Available data: Begin

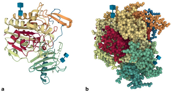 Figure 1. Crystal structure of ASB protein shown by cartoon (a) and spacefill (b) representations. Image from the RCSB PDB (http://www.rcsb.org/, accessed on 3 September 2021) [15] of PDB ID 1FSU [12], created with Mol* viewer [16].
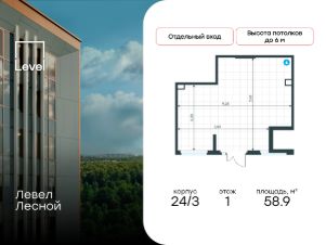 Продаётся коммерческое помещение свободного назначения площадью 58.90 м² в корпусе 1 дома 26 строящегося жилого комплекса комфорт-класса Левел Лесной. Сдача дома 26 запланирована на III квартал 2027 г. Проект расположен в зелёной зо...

Available data: End
Available data: Begin

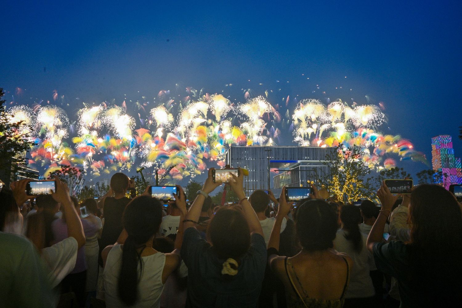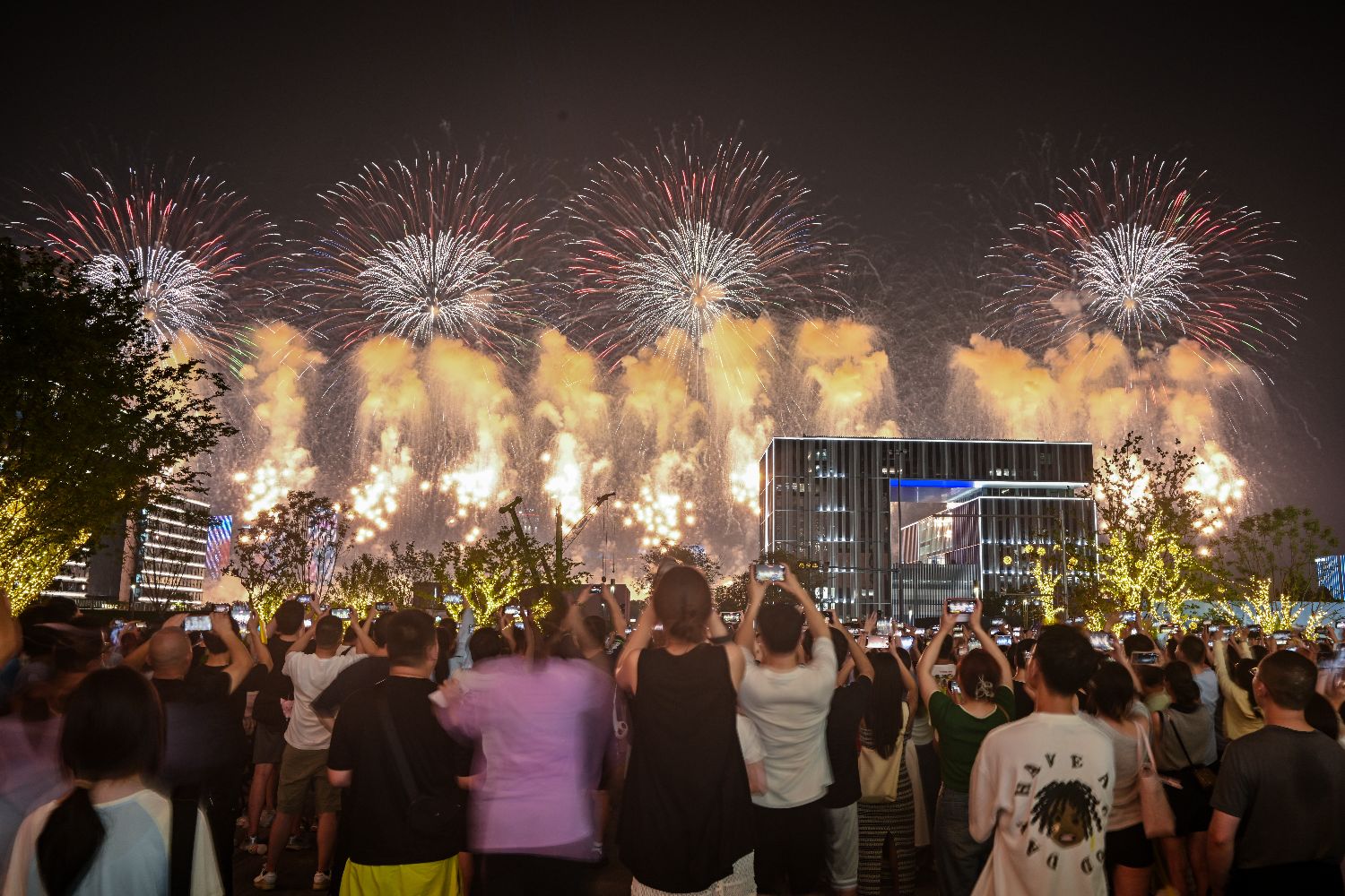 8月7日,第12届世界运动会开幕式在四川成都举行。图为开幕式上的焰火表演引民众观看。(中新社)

Available data: End

When you reach the line with "Figure 1. Crystal" in the records above, start writing out each line exactly, and stop after the line with "Продаётся коммерческое помещение". Pictures stay out.

Written response:
 Figure 1. Crystal structure of ASB protein shown by cartoon (a) and spacefill (b) representations. Image from the RCSB PDB (http://www.rcsb.org/, accessed on 3 September 2021) [15] of PDB ID 1FSU [12], created with Mol* viewer [16].
 Продаётся коммерческое помещение свободного назначения площадью 58.90 м² в корпусе 1 дома 26 строящегося жилого комплекса комфорт-класса Левел Лесной. Сдача дома 26 запланирована на III квартал 2027 г. Проект расположен в зелёной зо...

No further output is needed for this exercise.